Angharad Mair (born March 1960) is a Welsh television presenter; she is the lead presenter on the nightly S4C Welsh language magazine programme, Heno and the BBC Wales news programme, Wales Today.

==Background==
She was born in Carmarthen, South Wales, where she lived with her older sister and three younger brothers. Her first jobs were working in Tesco and the Ivy Bush Royal Hotel in Carmarthen.

==Media career==
After training and working for BBC Wales, where she worked on the Welsh language children's programme Bilidowcar, Mair joined Llanelli-based independent television production company Tinopolis in 1991. When Tinopolis produced both programmes from Cardiff, for a time she presented both the English language BBC Wales news Wales Today from 18:30 to 19:00, as well as the Welsh S4C Wedi 7 from 19:00 to 19:30. In 2008 Mair still presented Wedi7, and was Executive Director for Tinopolis, where by 2006 she held 2.482% of the shares.

Mair wrote a column in the Wales on Sunday newspaper. In December 2006 her comment on the break-up of the relationship of her friend, ITV1 weather presenter Sian Lloyd, against Lloyd's former partner Lembit Öpik - including suggesting that Montgomeryshire needed a new MP - drew much public criticism.

==Running career==
After a challenge from a colleague, Mair ran her first full marathon in the New York City Marathon in 1991, in a time of 3:29:00. This result for a beginner encouraged her to keep training and she won the Reykjavik Marathon in 1996.
She entered the trials for the Great Britain athletics squad for the 1997 World Championships in Athens, Greece, where she came 23rd in the Women's Marathon in a time of 2:42:31.

Mair kept running and in 2014 finished 3rd in the Snowdonia Marathon.

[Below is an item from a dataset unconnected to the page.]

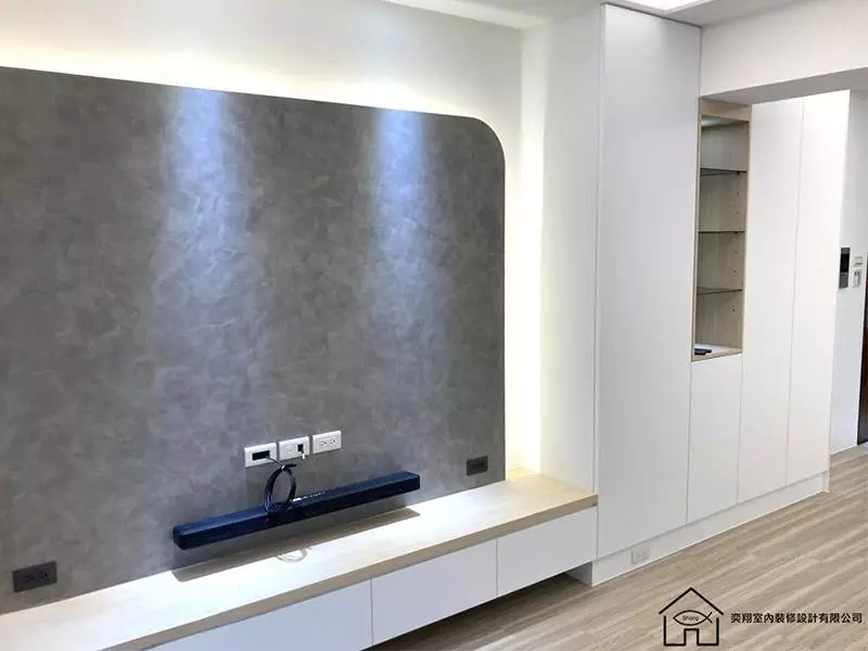 此案例中,屋主偏好具有質感又帶有特色的視覺效果,因此客廳主牆採用斯特曼特殊漆,並在背牆崁入LED燈條,增添立體層次;玄關延伸至電視牆的規劃則以白色系收納為主,形成乾淨視覺,並保留樑下展示櫃,方便屋主陳列榮譽勳章;公共空間運用間接照明搭配超耐磨木地板,營造室內溫潤氣氛,而玄關與廚房保留原有拋光石英磚,透過材質分區讓不同場域更具辨識度。

In 2016 Mair set a new British record for the marathon, in the W55 Category, by completing the London Marathon in a time of 2.57.46.

== Personal life ==
Mair has two daughters with her second husband Jonathan Cray, a cameraman for Tinopolis. The family live in Peterston-super-Ely in the Vale of Glamorgan.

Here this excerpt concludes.